> _Exercise objective_
From the line that contains "2018年12月18日,双流" to the final line of the records below, print each line exactly and leave every picture out.
[Dataset — start]
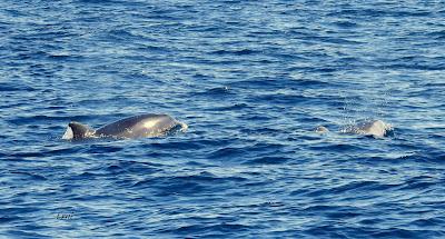 Delfín mular (Tursiops truncatus)Los enormes delfines mulares no estuvieron tan sociables como los listados y parecían un poco nerviosos.Los dejamos tranquilos.
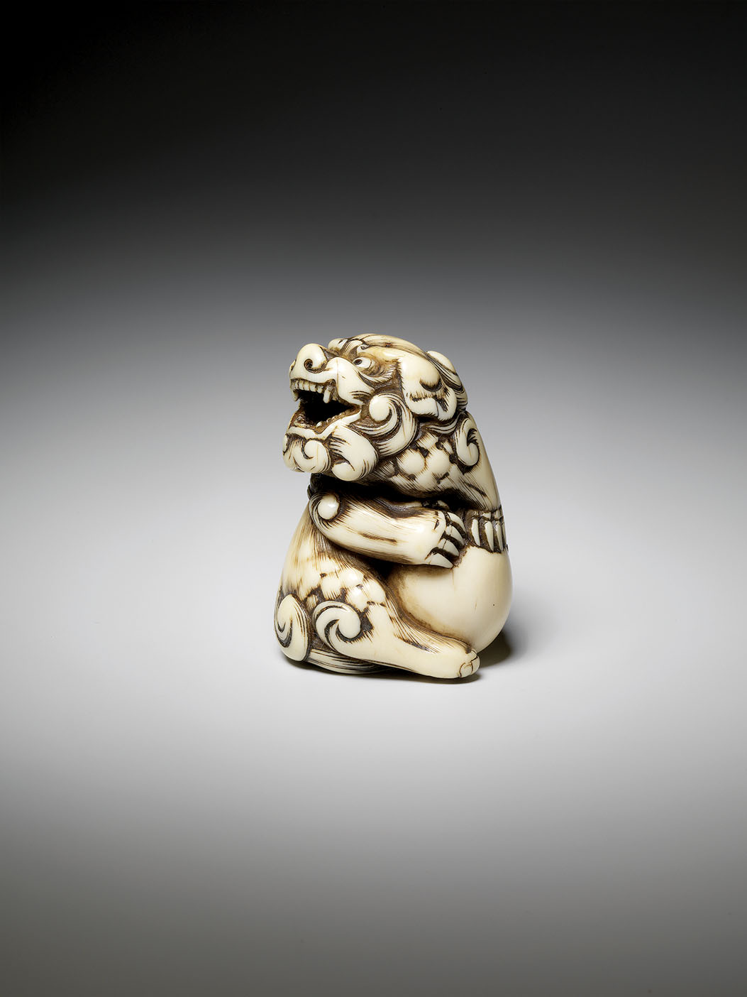 Mitsuharu „Shishi trzymający łapy na piłce”, kość słoniowa, ok. 1770 r.
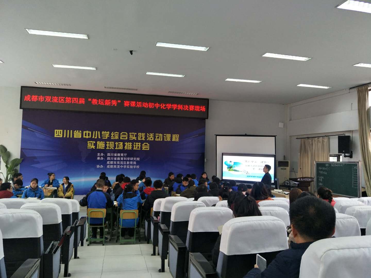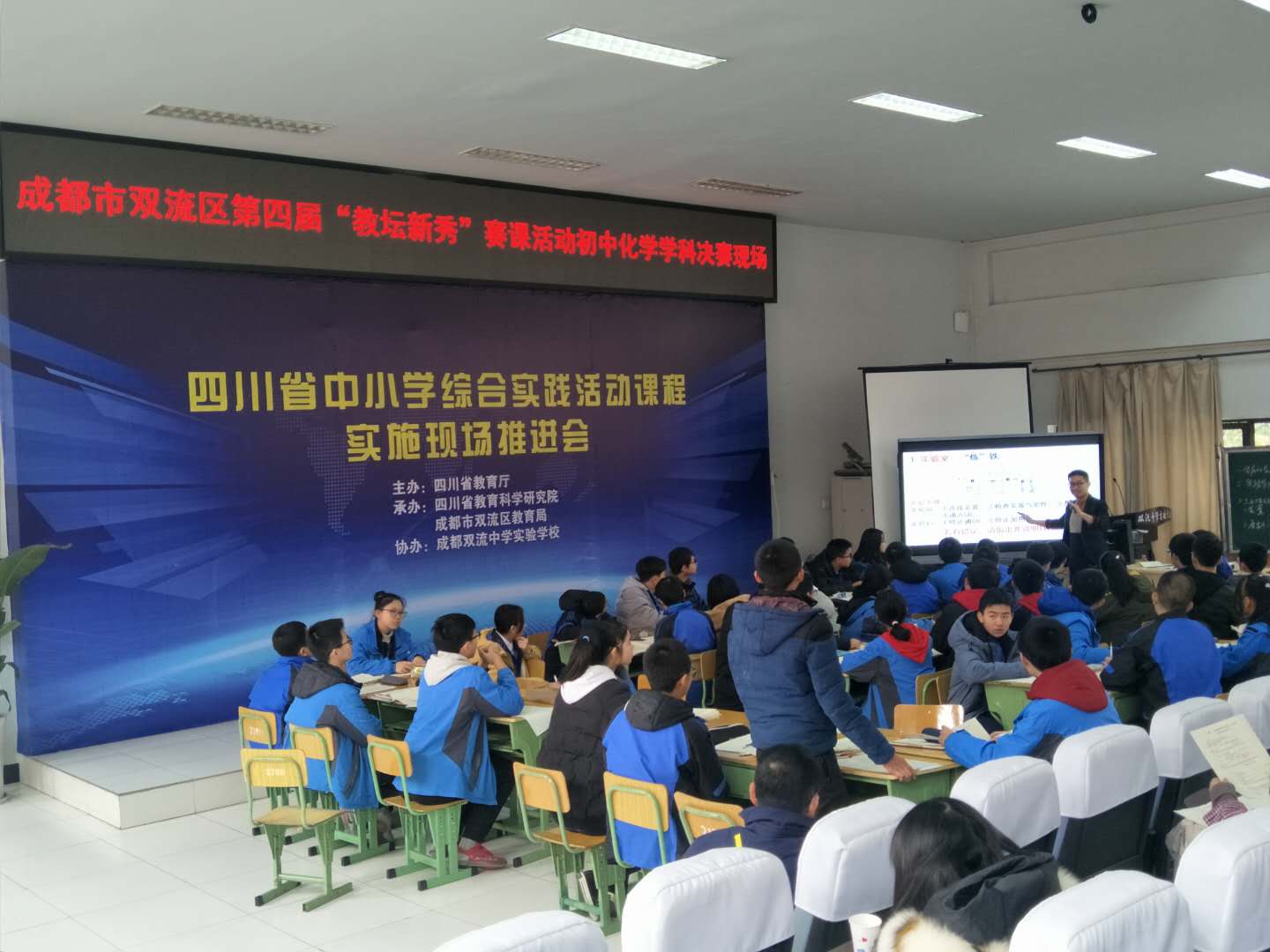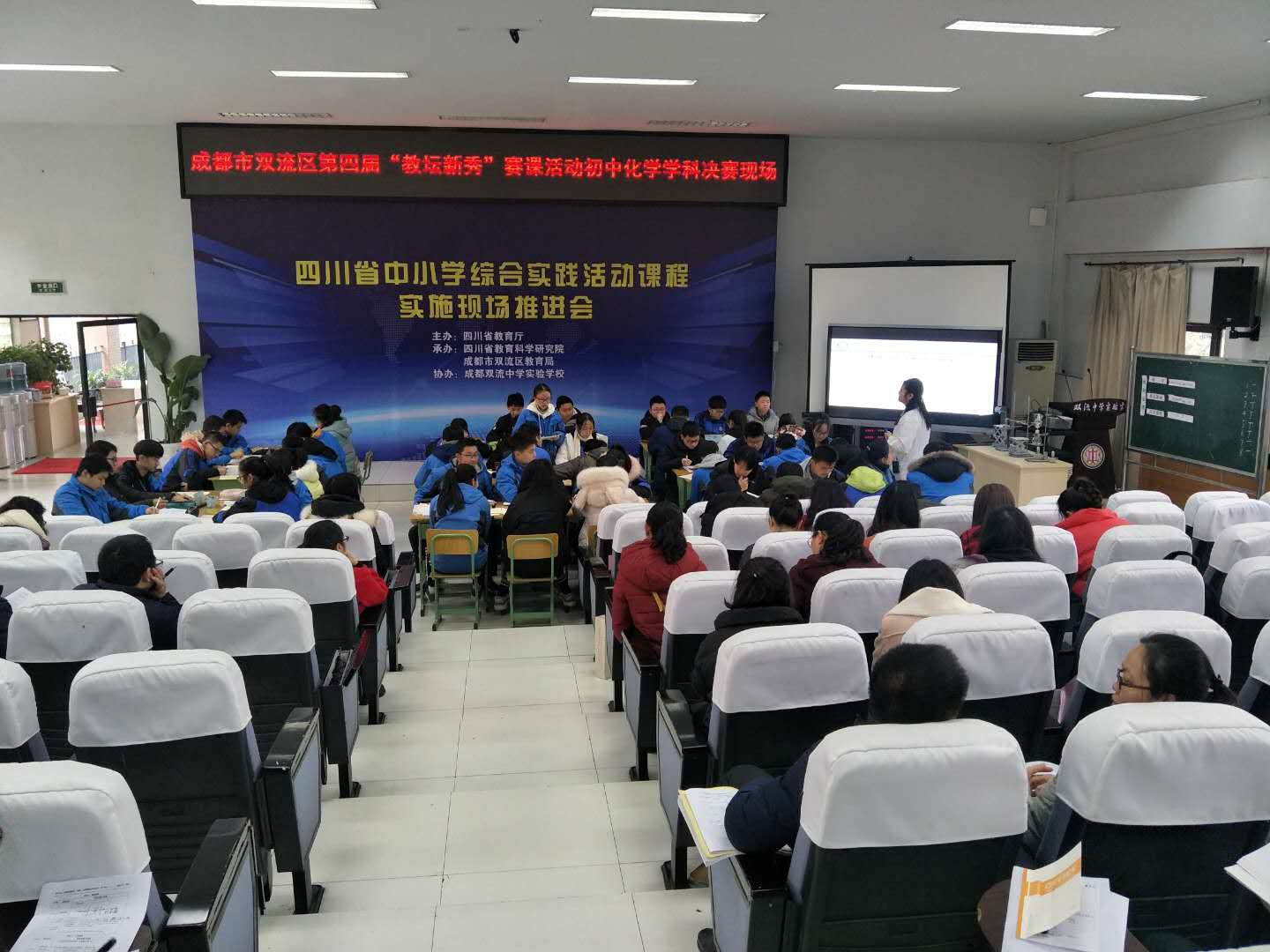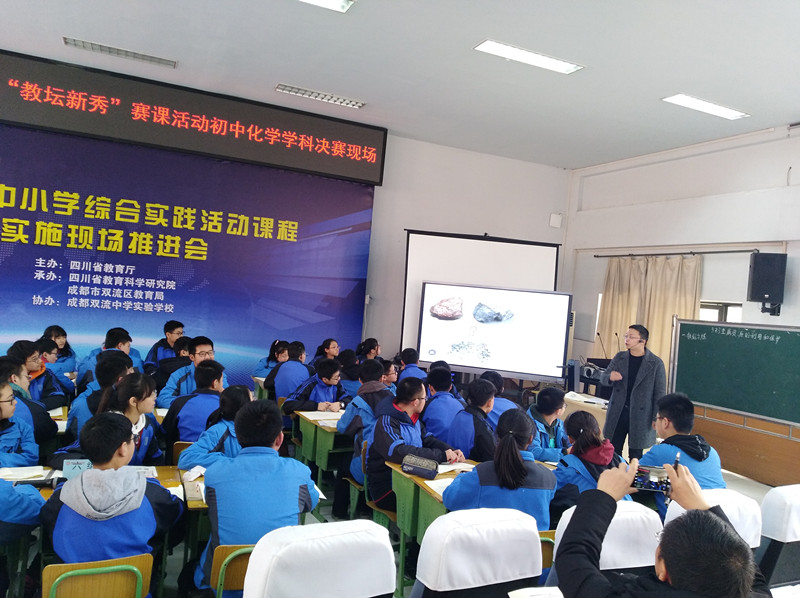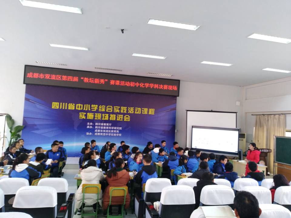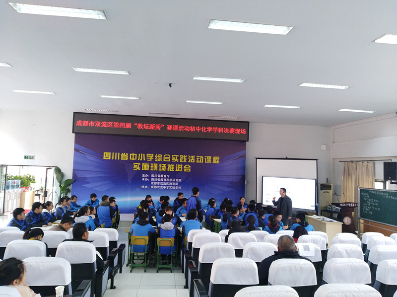 2018年12月18日,双流区第四届“教坛新秀”赛课活动初中化学学科决赛在双流中学实验学校举行,并获得圆满成功。来自棠湖中学、棠湖中学实验学校、成都棠湖外国语学校、双流中学实验学校、黄龙溪学校的五位年轻老师参加此次比赛,全区的初中化学教师到场观摩。为保证比赛的公平公正,选择了大家都没有上过的课题进行比赛,提前一天抽签决定上课顺序。
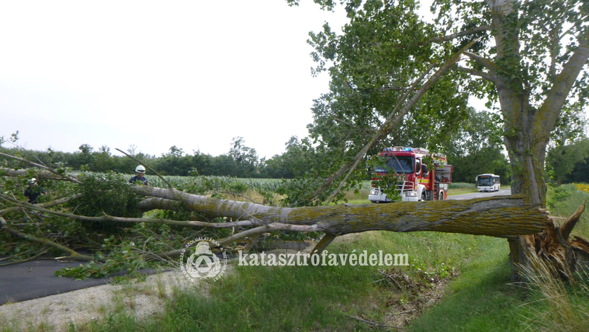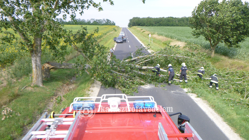 Szombat délután egy csaknem 30 méter magas fa dőlt az útra Pusztakovácsi külterületén, teljesen elzárva az utat a forgalom elől. A marcali hivatásos tűzoltók két motorfűrésszel feldarabolták és eltávolították a fát.
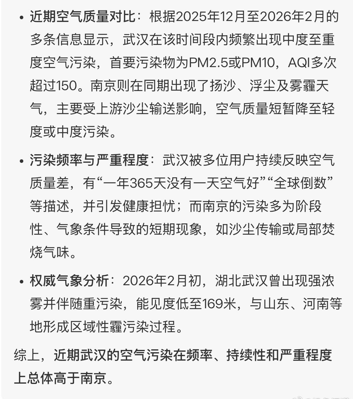 感觉武汉长期雾蒙蒙的,比南京空气差不少,南京现在蓝天不少,是不是大平原,风小,空气流通不好。
[Dataset — finish]
> _Exercise response_
 2018年12月18日,双流区第四届“教坛新秀”赛课活动初中化学学科决赛在双流中学实验学校举行,并获得圆满成功。来自棠湖中学、棠湖中学实验学校、成都棠湖外国语学校、双流中学实验学校、黄龙溪学校的五位年轻老师参加此次比赛,全区的初中化学教师到场观摩。为保证比赛的公平公正,选择了大家都没有上过的课题进行比赛,提前一天抽签决定上课顺序。
 Szombat délután egy csaknem 30 méter magas fa dőlt az útra Pusztakovácsi külterületén, teljesen elzárva az utat a forgalom elől. A marcali hivatásos tűzoltók két motorfűrésszel feldarabolták és eltávolították a fát.
 感觉武汉长期雾蒙蒙的,比南京空气差不少,南京现在蓝天不少,是不是大平原,风小,空气流通不好。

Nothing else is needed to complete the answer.